Segment Start: Input data

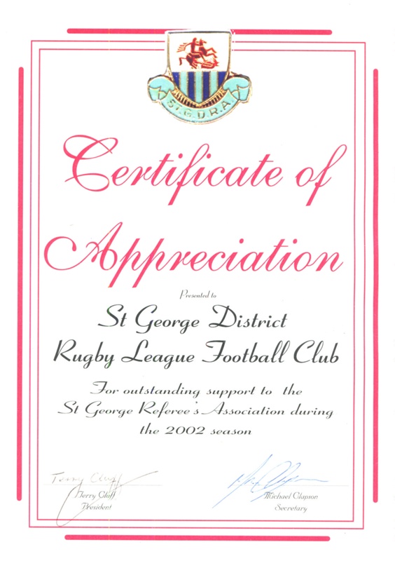 Vale Roy Rocky Miller ST GEORGE DISTRICT RUGBY LEAGUE FOOTBALL CLUB
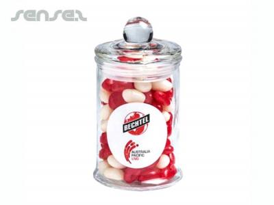Other innovative corporate gift ideas that could be suitable to create brand awareness include these cheap promotional Drum Filled With Lollies (1L), quirky advertising gifts such as these Apothecary Candy Jars (80g) or how about using one of our more bespoke custom made products such as these great quality Corporate Coloured Mini Jelly Bean Jars (100g)?
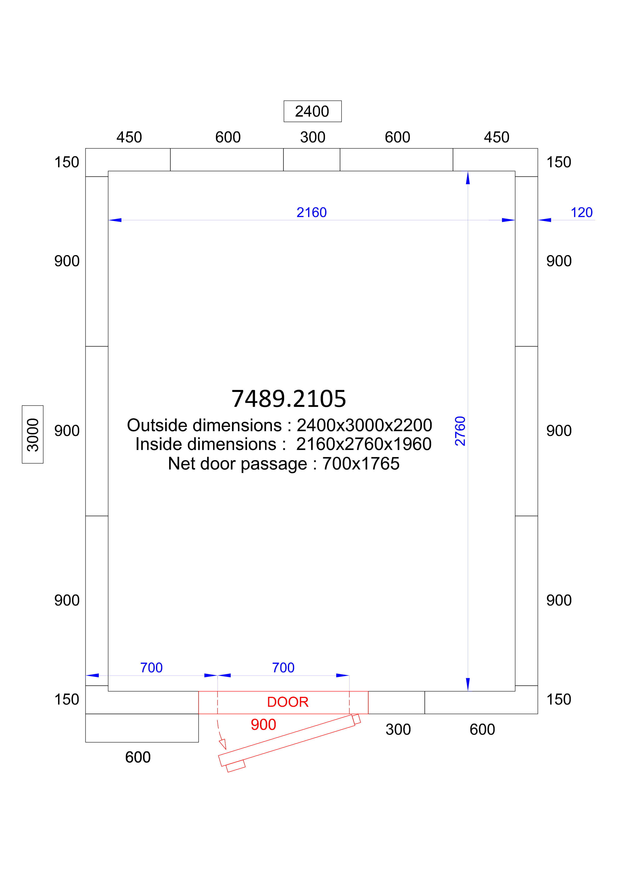 - Dimensions (Interior WxDxH): 2160 x 2760 x 1960 mm
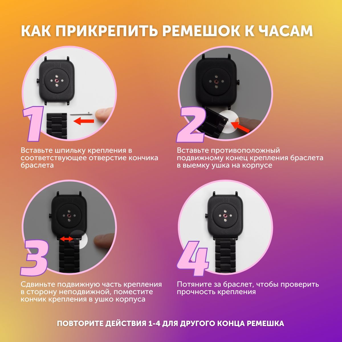 Для раскрепления звеньев необходимо вытолкнуть скрепляющий штифт, направление выталкивания выгравировано стрелками на обратной стороне звеньев браслета.
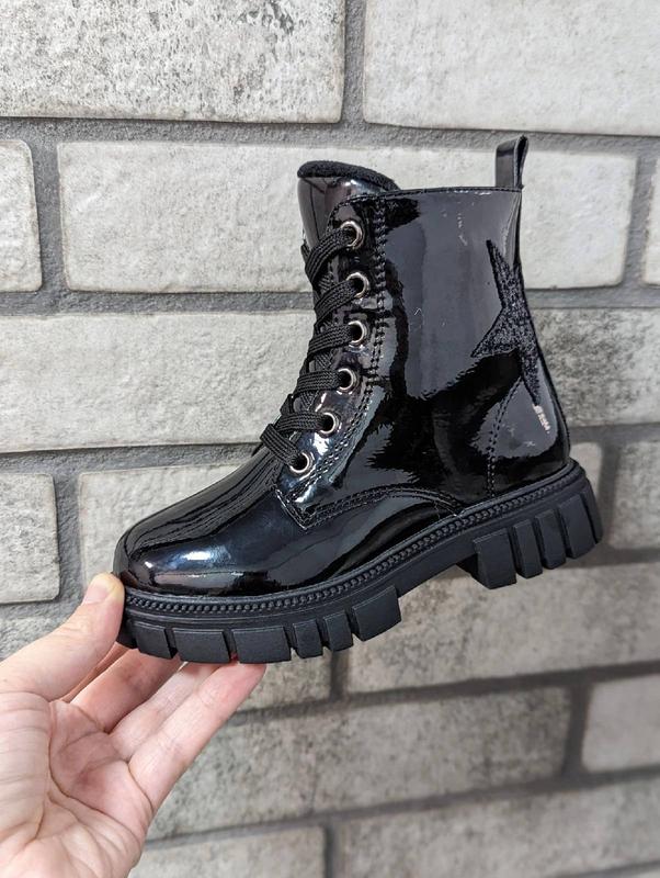 Мега стильні зимові черевики для дівчаток від фірми Weestep. Якість на висоті. Верх якісний еко лак. Не тріскає на морозі Всередині густе тепле хутро (натуральна овчина). До -30 морозу. Фіксація шнурівка Збоку є замочок. Легенькі та зручні. Розміри: 27р-17,5см
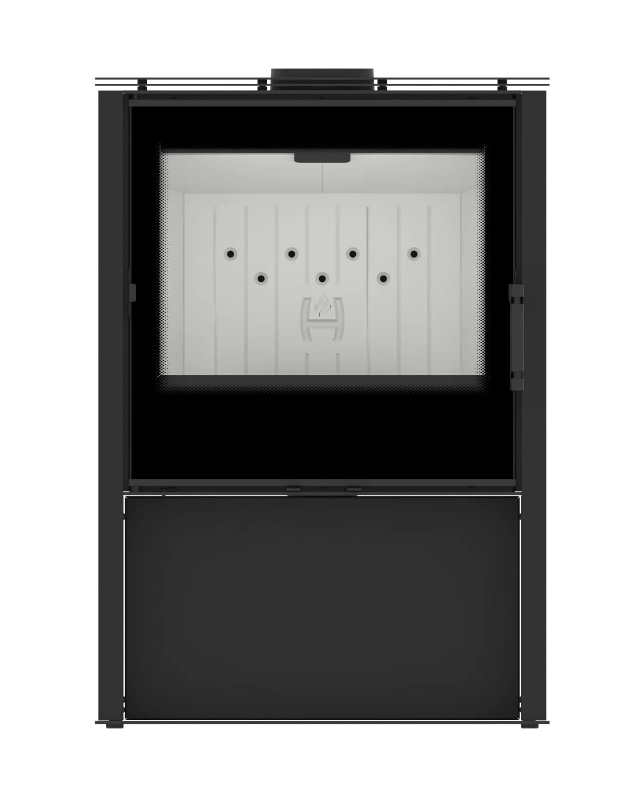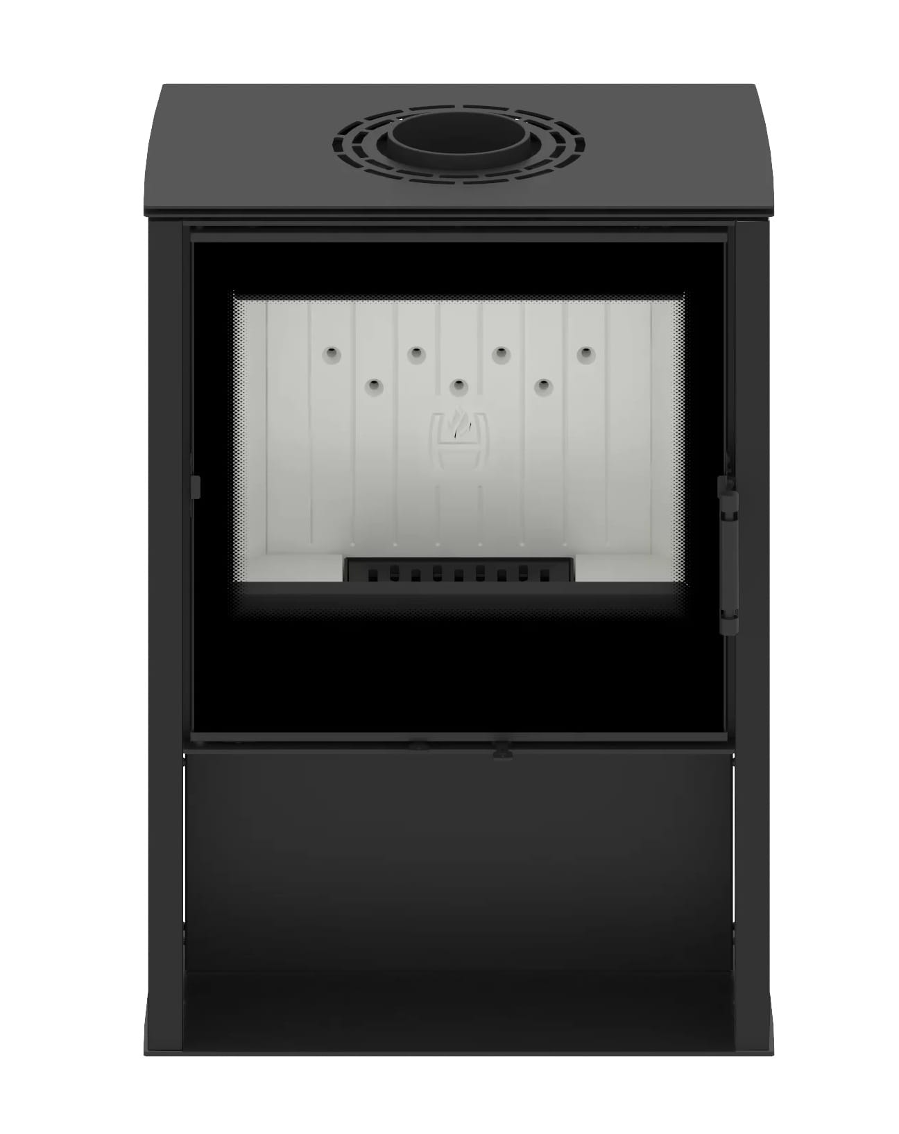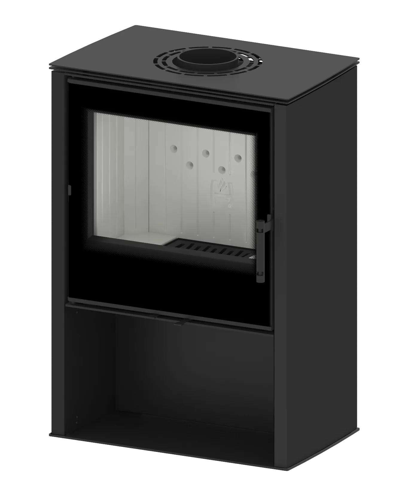 Zastosowanie wytrzymałego, żeliwnego rusztu gwarantuje długą żywotność. Bezpośrednio pod rusztem znajduje się łatwo demontowalny popielnik charakteryzujący się ponadprzeciętną objętością. Konstrukcja kominka wolnostojącego LUPO M umożliwia montaż wylotu spalin zarówno do tylnej, jak i górnej ściany.

Segment End: Input data

### What to do
Output only the lines above from the one containing "- Dimensions (Interior" to the one containing "Мега стильні зимові", both included, exactly as written and with no pictures.

### Result of this task
 - Dimensions (Interior WxDxH): 2160 x 2760 x 1960 mm
 Для раскрепления звеньев необходимо вытолкнуть скрепляющий штифт, направление выталкивания выгравировано стрелками на обратной стороне звеньев браслета.
 Мега стильні зимові черевики для дівчаток від фірми Weestep. Якість на висоті. Верх якісний еко лак. Не тріскає на морозі Всередині густе тепле хутро (натуральна овчина). До -30 морозу. Фіксація шнурівка Збоку є замочок. Легенькі та зручні. Розміри: 27р-17,5см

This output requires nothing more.